◆ Material for the task
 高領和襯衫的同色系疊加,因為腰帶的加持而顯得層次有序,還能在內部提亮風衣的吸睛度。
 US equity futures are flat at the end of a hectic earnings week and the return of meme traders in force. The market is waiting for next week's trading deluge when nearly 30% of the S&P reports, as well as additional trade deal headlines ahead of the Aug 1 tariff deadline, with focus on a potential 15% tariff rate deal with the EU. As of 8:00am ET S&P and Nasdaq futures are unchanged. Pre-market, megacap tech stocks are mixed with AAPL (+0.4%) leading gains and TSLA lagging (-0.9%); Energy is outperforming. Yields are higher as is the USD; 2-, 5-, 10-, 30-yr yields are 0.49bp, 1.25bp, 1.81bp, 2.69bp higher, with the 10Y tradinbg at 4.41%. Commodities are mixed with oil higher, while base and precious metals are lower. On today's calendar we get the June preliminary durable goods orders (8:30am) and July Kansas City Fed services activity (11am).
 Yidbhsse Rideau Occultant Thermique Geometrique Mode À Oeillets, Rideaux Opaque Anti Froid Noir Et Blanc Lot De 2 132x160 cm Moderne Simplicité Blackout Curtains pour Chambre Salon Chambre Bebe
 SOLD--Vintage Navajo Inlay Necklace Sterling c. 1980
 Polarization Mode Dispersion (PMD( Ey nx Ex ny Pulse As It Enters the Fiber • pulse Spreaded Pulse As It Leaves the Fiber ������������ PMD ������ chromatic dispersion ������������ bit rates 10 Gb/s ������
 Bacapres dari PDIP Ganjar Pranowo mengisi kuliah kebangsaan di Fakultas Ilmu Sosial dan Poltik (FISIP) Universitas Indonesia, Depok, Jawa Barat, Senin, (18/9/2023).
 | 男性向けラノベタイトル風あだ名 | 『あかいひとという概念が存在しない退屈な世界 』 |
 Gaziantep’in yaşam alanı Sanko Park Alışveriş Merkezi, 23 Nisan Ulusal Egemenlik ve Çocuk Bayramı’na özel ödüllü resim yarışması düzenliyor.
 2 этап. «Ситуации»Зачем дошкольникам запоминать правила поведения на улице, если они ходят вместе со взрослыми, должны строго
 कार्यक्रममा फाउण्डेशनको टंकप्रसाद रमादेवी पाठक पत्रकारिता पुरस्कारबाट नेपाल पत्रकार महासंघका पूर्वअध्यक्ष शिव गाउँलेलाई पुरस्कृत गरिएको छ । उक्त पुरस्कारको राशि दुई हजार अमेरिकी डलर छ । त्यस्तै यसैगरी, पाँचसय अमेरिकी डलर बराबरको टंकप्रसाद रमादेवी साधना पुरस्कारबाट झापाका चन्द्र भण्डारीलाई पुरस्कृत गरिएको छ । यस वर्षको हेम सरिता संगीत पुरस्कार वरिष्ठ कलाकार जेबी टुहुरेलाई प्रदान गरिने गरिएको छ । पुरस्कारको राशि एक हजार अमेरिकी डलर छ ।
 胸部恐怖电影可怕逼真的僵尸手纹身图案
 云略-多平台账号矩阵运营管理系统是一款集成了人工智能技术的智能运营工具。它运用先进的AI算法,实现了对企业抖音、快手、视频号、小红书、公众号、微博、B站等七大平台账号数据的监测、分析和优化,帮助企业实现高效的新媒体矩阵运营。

◆ Problem description
Restate the entire listing verbatim.

◆ Written answer
 高領和襯衫的同色系疊加,因為腰帶的加持而顯得層次有序,還能在內部提亮風衣的吸睛度。
 US equity futures are flat at the end of a hectic earnings week and the return of meme traders in force. The market is waiting for next week's trading deluge when nearly 30% of the S&P reports, as well as additional trade deal headlines ahead of the Aug 1 tariff deadline, with focus on a potential 15% tariff rate deal with the EU. As of 8:00am ET S&P and Nasdaq futures are unchanged. Pre-market, megacap tech stocks are mixed with AAPL (+0.4%) leading gains and TSLA lagging (-0.9%); Energy is outperforming. Yields are higher as is the USD; 2-, 5-, 10-, 30-yr yields are 0.49bp, 1.25bp, 1.81bp, 2.69bp higher, with the 10Y tradinbg at 4.41%. Commodities are mixed with oil higher, while base and precious metals are lower. On today's calendar we get the June preliminary durable goods orders (8:30am) and July Kansas City Fed services activity (11am).
 Yidbhsse Rideau Occultant Thermique Geometrique Mode À Oeillets, Rideaux Opaque Anti Froid Noir Et Blanc Lot De 2 132x160 cm Moderne Simplicité Blackout Curtains pour Chambre Salon Chambre Bebe
 SOLD--Vintage Navajo Inlay Necklace Sterling c. 1980
 Polarization Mode Dispersion (PMD( Ey nx Ex ny Pulse As It Enters the Fiber • pulse Spreaded Pulse As It Leaves the Fiber ������������ PMD ������ chromatic dispersion ������������ bit rates 10 Gb/s ������
 Bacapres dari PDIP Ganjar Pranowo mengisi kuliah kebangsaan di Fakultas Ilmu Sosial dan Poltik (FISIP) Universitas Indonesia, Depok, Jawa Barat, Senin, (18/9/2023).
 | 男性向けラノベタイトル風あだ名 | 『あかいひとという概念が存在しない退屈な世界 』 |
 Gaziantep’in yaşam alanı Sanko Park Alışveriş Merkezi, 23 Nisan Ulusal Egemenlik ve Çocuk Bayramı’na özel ödüllü resim yarışması düzenliyor.
 2 этап. «Ситуации»Зачем дошкольникам запоминать правила поведения на улице, если они ходят вместе со взрослыми, должны строго
 कार्यक्रममा फाउण्डेशनको टंकप्रसाद रमादेवी पाठक पत्रकारिता पुरस्कारबाट नेपाल पत्रकार महासंघका पूर्वअध्यक्ष शिव गाउँलेलाई पुरस्कृत गरिएको छ । उक्त पुरस्कारको राशि दुई हजार अमेरिकी डलर छ । त्यस्तै यसैगरी, पाँचसय अमेरिकी डलर बराबरको टंकप्रसाद रमादेवी साधना पुरस्कारबाट झापाका चन्द्र भण्डारीलाई पुरस्कृत गरिएको छ । यस वर्षको हेम सरिता संगीत पुरस्कार वरिष्ठ कलाकार जेबी टुहुरेलाई प्रदान गरिने गरिएको छ । पुरस्कारको राशि एक हजार अमेरिकी डलर छ ।
 胸部恐怖电影可怕逼真的僵尸手纹身图案
 云略-多平台账号矩阵运营管理系统是一款集成了人工智能技术的智能运营工具。它运用先进的AI算法,实现了对企业抖音、快手、视频号、小红书、公众号、微博、B站等七大平台账号数据的监测、分析和优化,帮助企业实现高效的新媒体矩阵运营。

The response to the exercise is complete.